Finally Passing the Equal Rights Amendment Would Be a Brilliant Bookend for Women’s History

by on December 1, 2020 · 1 comment

in Ocean Beach, Women's Rights

Champagne, Champagne: to Toast a Brilliant Bookend for Women’s History

By Colleen O’Connor

It only took 100 years from securing women’s right to vote to winning the Vice-Presidency.

Grandmothers; Great Grandmothers; and their ghostly presences are cheering.

My own grandmother was a suffragette who held strategy sessions in her farmhouse in North Dakota.

Could she have imagined a woman becoming the Vice-President of the United States; Speaker of the House of Representatives; Justices on the Supreme Court; Head of the U.S. Treasury; Secretary of State; Ambassador to the U.N.; Presidents of Colleges; Senior Counsel to the President; Director of Intergovernmental Affairs; Manager of Major League men’s sport team?

Probably not, but she would be cheering for all of them; astronauts; doctors, lawyers, aviators, professionals in sports, academia, fintech, bio-tech research, environmental justice; and so much more.

But, in that “before time,” when my grandmother was organizing and marching, women had few fields open to them.  Teacher, nurse, wife and mother.

The explosion of women in power may have taken one hundred years and thousands of hurdles and millions of setbacks, but it deserves a suitable bookend. From winning the vote to passage and ratification of the Equal Rights Amendment.

A bookend that, I believe, House Speaker Nancy Pelosi wants as her swan song.

Final ratification of the Equal Rights Amendment to the U.S. Constitution would include women as “persons;” currently not protected under the 14th Amendment. Battles on this simple equation have been waged, lost, and lingered since 1921.

Such an unassailable idea has been crushed, reborn, crushed some more, but is now possibly in sight of success.

This is the entirety of the ERA that cannot muster approval in a democracy.

“Section 1. Equality of rights under the law shall not be denied or abridged by the United States or by any State on account of sex.

“Section 2: further that “the Congress shall have the power to enforce, by appropriate legislation, the provisions of this article.”

Seriously, that is all it states, yet it has provoked mini-civil wars; even among women.

Hoping to build on the earlier Votes for Women success, the first version of an ERA was proposed in 1921 and introduced in Congress in December 1923.

It Failed.

The ERA gained traction, again, with the 1960s’ women’s movement and was re-introduced in 1971, passed the House; then the Senate; and was forwarded to state legislatures for ratification; with a seven-year deadline for states’ ratification.

Then extended for three more years.

Enter conservative icon, Phyllis Schafly.  See the movie.

Lots of support, then absurd claims of loss of labor laws, crushed civil liberties; and elimination of the “protective status of women;” (the “angel in the house”); and included a “mom and apple pie” slogan to for defeat the ERA.

More deadlines, more rescission; maybe more extensions.

A large majority of states, Governors, and even Presidents supported ratification, but some statehouses decided to rescind that vote; thus, missing the deadline for passage.

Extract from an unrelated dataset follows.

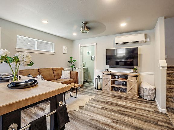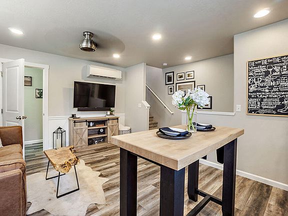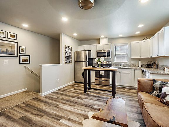 Welcome home! This adorable 1 bedroom, 1 & 1/2 bath split level townhome is just waiting for. As you walk through the door, you'll immediately notice the attention to detail. Beautiful luxury vinyl and carpet flooring, and the added ceiling fans and canned lights make this home feel even more inviting. The kitchen/dining great-room has all white cabinets, stainless steel appliances that include a 5-burner glass top range, electric convection oven with microwave & hood. You'll love cooking here! Bathrooms feature cultured marble and granite, truly adding to the luxurious feel of this home. With mini split heating and air, you'll be comfortable year-round with low utility costs. Upstairs, the bedroom boasts a tongue & groove wood wall and a full bathroom with a fiberglass tub/shower combo. Nice sized Single car garage and cement driveway for storage or parking. Laundry day will be a breeze with a washer and dryer already included in the garage. Great for Investors as well!

Then came another wave, the #MeToo movement, that demanded the ERA deadlines be erased and the amended language be enacted into law.

California Representative, Jackie Speier, re-introduced just such a bill. The House passed H.J. Res. 79 on February 13, 2020 by a vote of 232–183, which was along party lines though five Republicans joined in support.

The Trump administration firmly opposes adding any Equal Rights Amendment language to the US Constitution, and has sued in federal court to stop it.  No surprise there.

The real surprise may be what keeps Pelosi fighting.  Just as it was with Ruth Bader Ginsburg.

To get the ERA over the finish line. Ginsberg said an equal rights amendment should be implemented in the U.S., and noted that several constitutions around the world, including Afghanistan, have one.

“The union will be more perfect when that simple statement, that men and women are persons of equal citizenship stature, is part of our fundamental instrument of government,” the late great RGB said.

Pelosi is known to want the ERA ratified. And willing to move deadlines to make it happen.

Just this January, Virginia became the 38-state to ratify the ERA, meaning the ERA surpasses the three-quarters of states the amendment needs to be added to the Constitution.

Depends on the deadlines and the courts.

Still, imagine, Pelosi’s handoff to V.P. Kamala Harris, presiding over a potential tie breaker in the Senate, that finally approves the handful of states, who missed the deadline or rescinded their early vote and now want to ratify the ERA.

Wouldn’t that be a brilliant bookend to more than a century of struggles.









{ 1 comment… read it below or add one }

jacque December 4, 2020 at 5:03 pm

Thank you so much for this. It is a subject very close to my heart. My grandmother at 20, Laura Etta Marable, marched with Susan B. Anthony in Chicago while she was a young nursing student there. She was so proud to have been part of that. She had a letter of thanks from Ms. Anthony, personally written and signed as to all the women who marched at that time. Unfortunately it has been lost. How I would love to have it now.